**Supplied records**
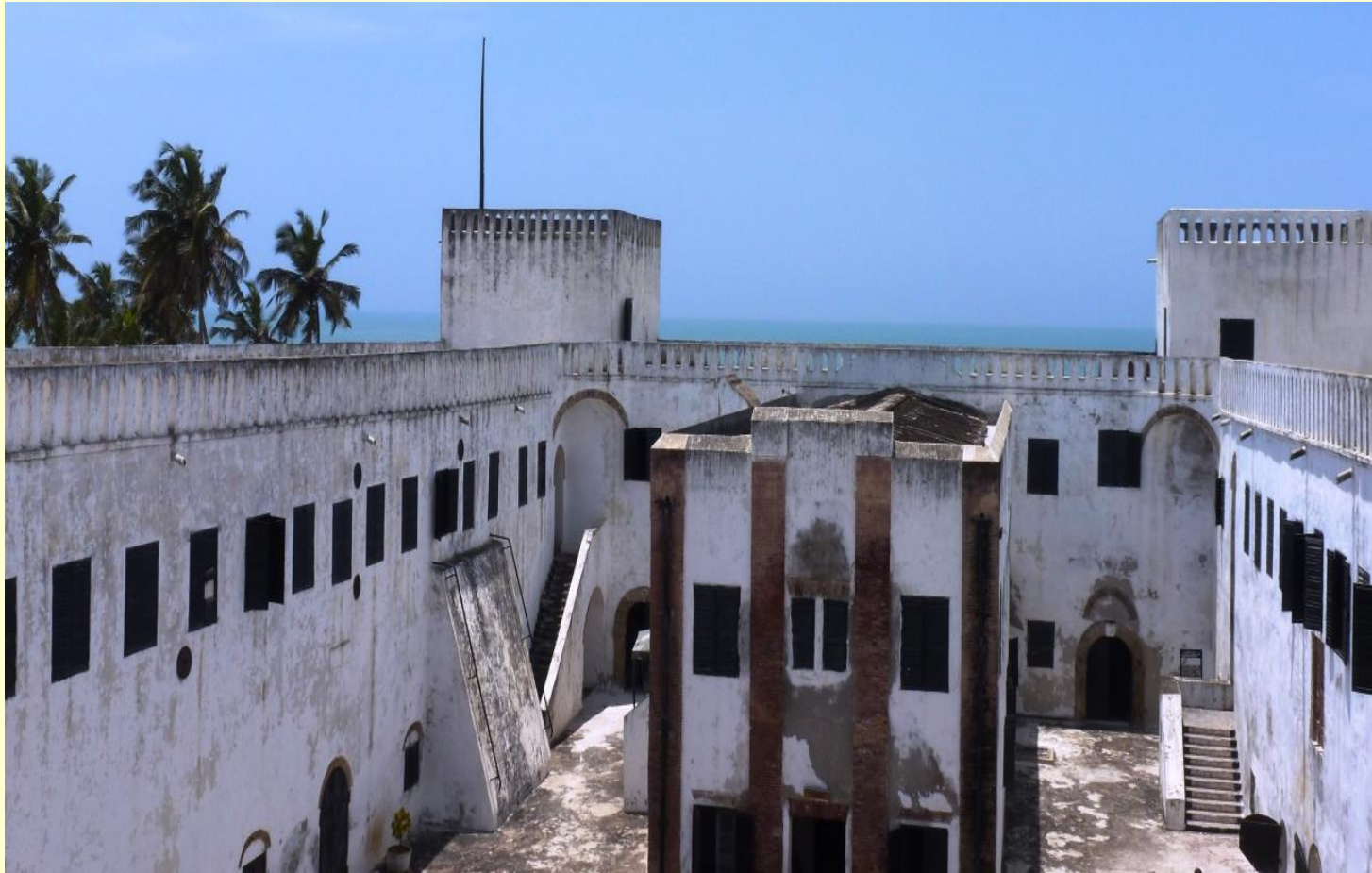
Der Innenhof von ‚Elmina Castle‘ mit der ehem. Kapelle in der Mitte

* * *

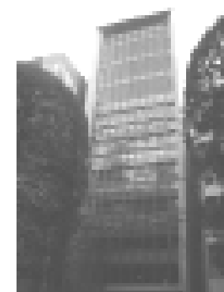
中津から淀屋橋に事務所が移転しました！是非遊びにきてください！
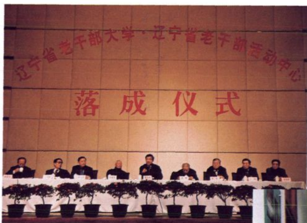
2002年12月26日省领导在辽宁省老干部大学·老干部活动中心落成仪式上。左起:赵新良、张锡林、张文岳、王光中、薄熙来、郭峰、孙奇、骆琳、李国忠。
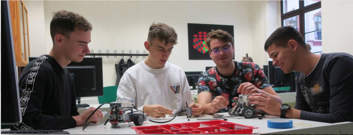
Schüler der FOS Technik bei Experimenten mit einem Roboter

**Problem requirements**
The answer must be the lines above from the one containing "2002年12月26日省领导" through the one containing "Schüler der FOS", reproduced exactly, with no pictures and nothing else.

**Reply to the exercise**
2002年12月26日省领导在辽宁省老干部大学·老干部活动中心落成仪式上。左起:赵新良、张锡林、张文岳、王光中、薄熙来、郭峰、孙奇、骆琳、李国忠。
Schüler der FOS Technik bei Experimenten mit einem Roboter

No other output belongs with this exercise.